Learning new mathematics While many of us have had the experience of learning mathematics informally by osmosis or more formally in classes, there are times when we have to sit down and systematically learn, without the benefit of a class, large amounts of mathematics.  For instance, there might be a technique that we need from a field we are not familiar with.
When you find yourself in such a situation, what are your best tricks for teaching yourself new mathematics?
 A: I read blog posts about it and then I blog about it.  The main thing this does is supplement reading a textbook, especially one that doesn't provide motivation or connection with other branches of mathematics.  
A: There are many good answers here already, but I'll just add an observation on my own technique once I have decided on a book or paper to read. I like to read fast at first to get an idea of the lay of the land, so to speak, and keep on reading until I am lost due to not having absorbed previously introduced concepts. Then I backtrack and try to tease out the essential definitions before proceeding. Also, rather than reading proofs line by line I take a quick look and then try to fill in the details myself. That's time consuming, though, so it is reserved for proofs I really want to learn. This method is probably not suited for everybody, though. Everyone has to find their own method for absorbing new material.
A: Writing a paper with someone who does understand the area can be fun; I've learned a lot that way.  
A: My procedure is: First looking around for motivations, e.g. how the theory I may learn is connected with other, already interesting, themes and what the motivations behind the new issue may be; then I look for survey articles and short expositions in other articles, finally I look for books on the new theme and basic articles of the work done on it.
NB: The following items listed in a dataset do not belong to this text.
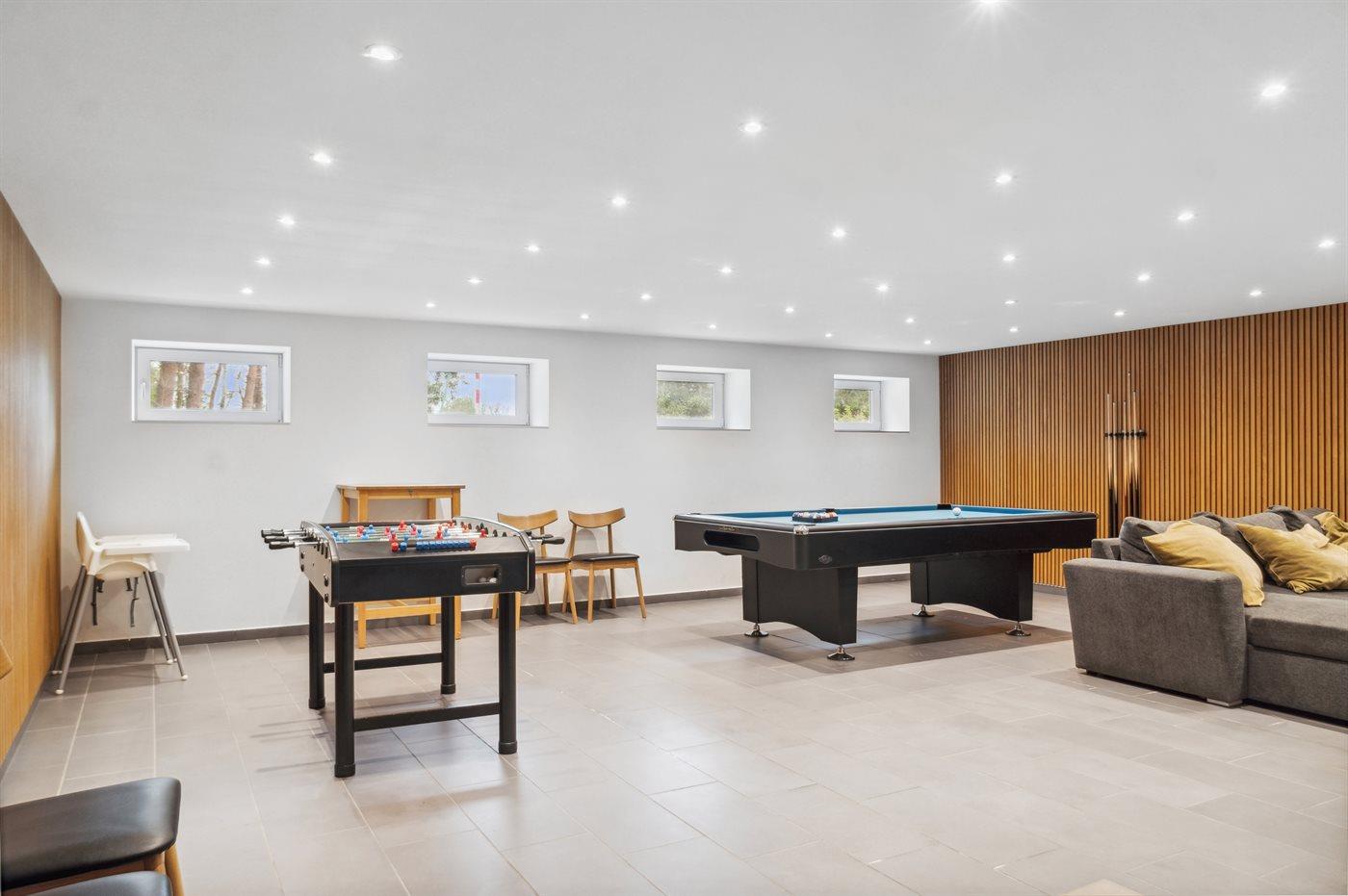 Huset byder på masser af aktivitetsmuligheder og plads til hyggeligt samvær. I et hus som dette, bliver det aldrig et problem at finde på noget at lave og der er masser af muligheder til selvforkælelse. Der findes swimmingpool, spa, sauna, aktivitetsrum og store terrasser for bare at nævne nogle af husets fordele. Gå på opdagelse i billederne.
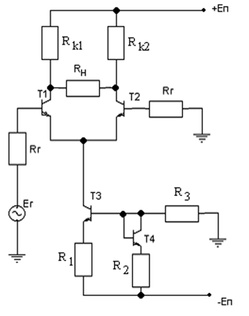 На транзисторах Т1 и Т2 собран дифференциальный каскад.
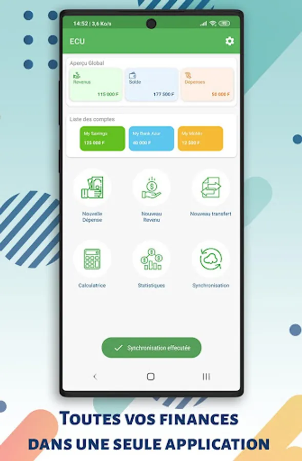 ECU is here to keep an eye on all your financial activities. An entry of money; additional fees; recurring expenses? ECU simplifies your daily task so that you can make the right decisions the next day.
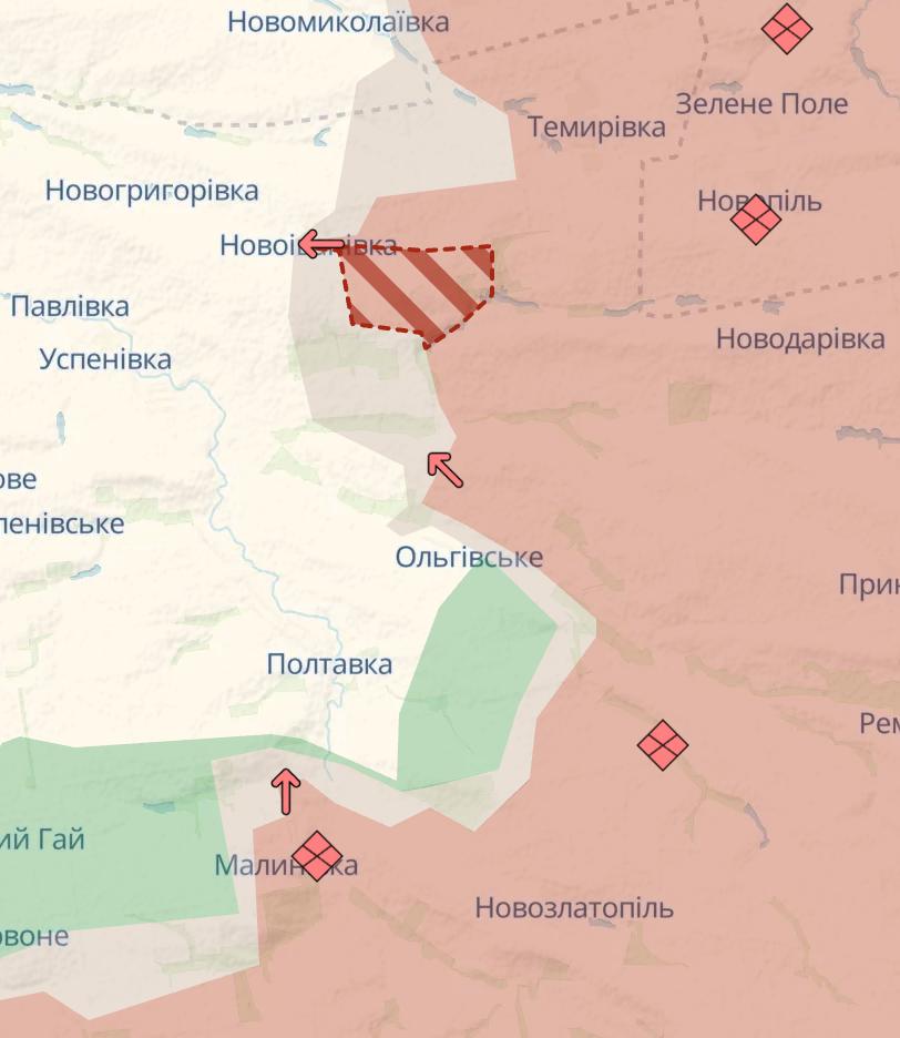 На востоке Запорожской области россияне продвинулись в Новоивановке, сообщает Deep State. Это к югу от участка в Днепропетровской области, где идет крупное наступление РФ (о нем мы писали вчера).
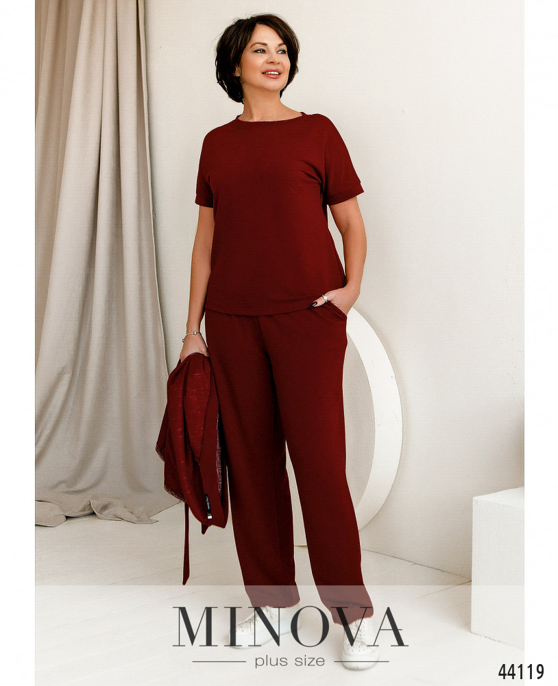 Стильный и комфортный костюм-тройка большого размера. Брюки с высокой талией, в пояс вшита резинка, по бокам - карманы в шве. Футболка без застёжек и карманов, рукава и горловина с мягким манжетом. Кардиган меланжевого оттенка с мягкой оторочкой полочек, в наличии пояс в тон и шлейки для него на талии. Без застёжек и подкладки, спереди накладные карманы.
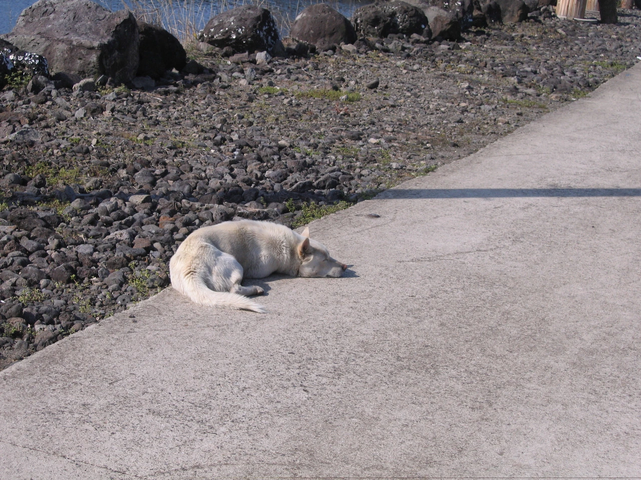 하지만 아름다운 봄날의 풍경에도 불구하고 동백의 이쁜 빛과, 미깡의 고운 색도 누구네 집 흰둥이의 마음을 빼앗기에는 부족했던 것 같다. 봄 볕이 잘 드는 길가에 올레꾼이 지나가도 모를 만큼 무심한 흰둥이가 길가에 납작 엎드려 낮잠을 즐기고 있다. 가까이 다가가 사진을 찍어도 아무런 기척이 없다. 따스하게 비추는 한가로운 봄 볕을 참기가 힘들었나 보다.
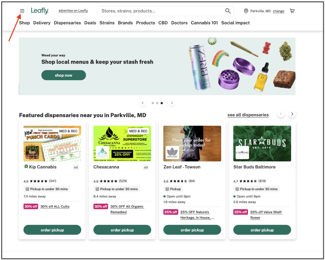- Click the Menu icon (three horizontal bars) at the top of the Leafly homepage.
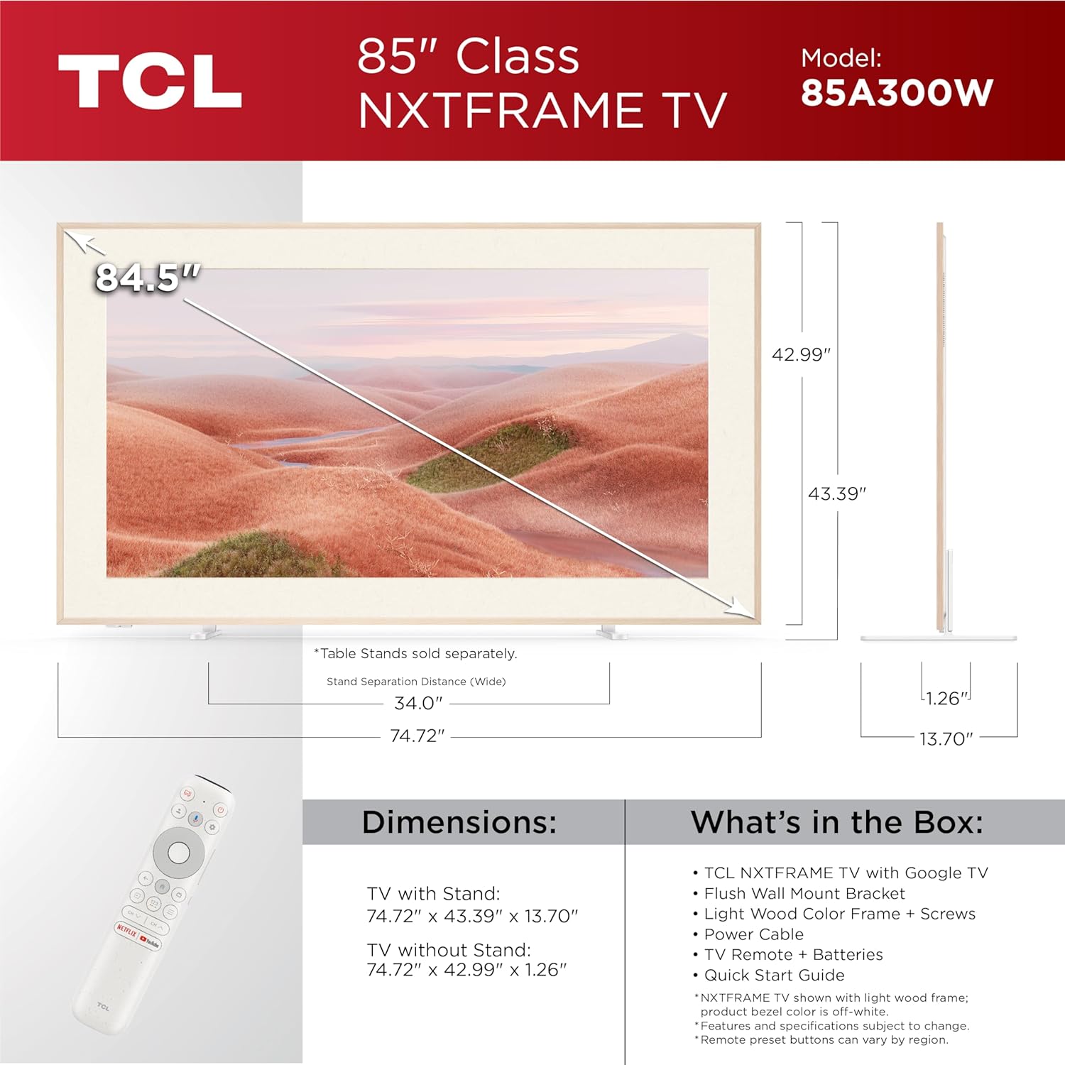 The TCL 85-Inch Class QLED 4K Smart NXTFRAME TV combines cutting-edge picture technologies with a stunning design. Featuring QLED PRO Quantum Dot technology, Dolby Vision HDR, and a built-in Google Assistant, this TV transforms your living room into a personal studio.
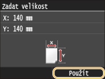 / nebo číselných tlačítek zadejte délku strany <X> a klepněte na tlačítko <Použít>.![]() |
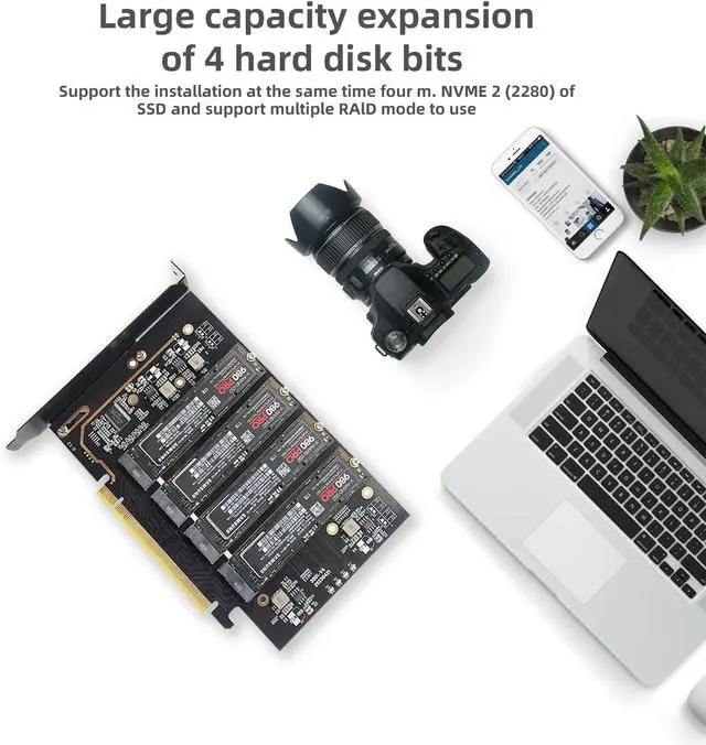[Important before purchase] The motherboard must support PCIe split(Bifurcation) function and be able to set PCIe X4X4X4X4 or 4X4 mode; the motherboard supports PCIe RAID function (the number of PCIe split channels varies from motherboard, some motherboards PCIe RAID is X8+X4+X4).
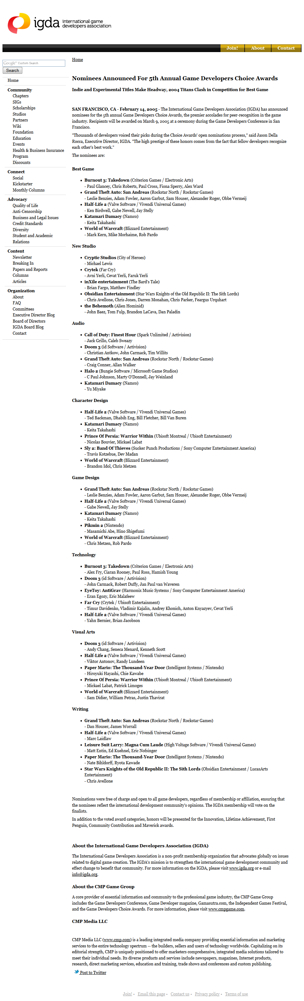 | Most Memorable Games Of The Past 5 Years, #13 | GameSpy, Most Memory Games Of The Past 5 Years, 2004 |

The sometimes big problem is step 1, because motivations/background intuitions are often not written up or taken as well known among the specialists on the theme, sometimes the context is unclear, e.g. I wonder if reading Sullivan's MIT lectures were interesting for me, if connections with algebraic geometry exist, or if one should better read less old expositions.
A: Find an interesting problem in an area that I do know about that needs techniques from an area that I don't know about.
A: Hang out in the lunch room and wait for my brain to get violated one of the professors.
A: First try to understand why the experts of the topic are interested in it (Blogs, papers, books, personal contact, whatever). Look for books on the subject, test-read each one, settle for at least two that are written on a level that seems accessible to you (if there are any, i.e. if the topic is not too hot).
Write down every formula, mark every sentence that seems important. (Note that different kinds of peaople need different kinds of techniques, some need graphics, some need to speak out loud, I need to write. Works for me in everyday life as well, as soon I have writen something down I have memorized it, well, at least for a while).
Try to explain everything you read to yourself. Repeat this until you are sure you could do a talk without any notes, anticipating all sensible questions.
A: Many have remarked that they first understood a subject only when they first taught it.
A: I try and find a simple example to play with that until I am comfortable. Then I pretend that all examples are like the toy. Soon I realize that's not true, but by then it's easier to see where the new behavior comes from. Then it's time to repeat the process.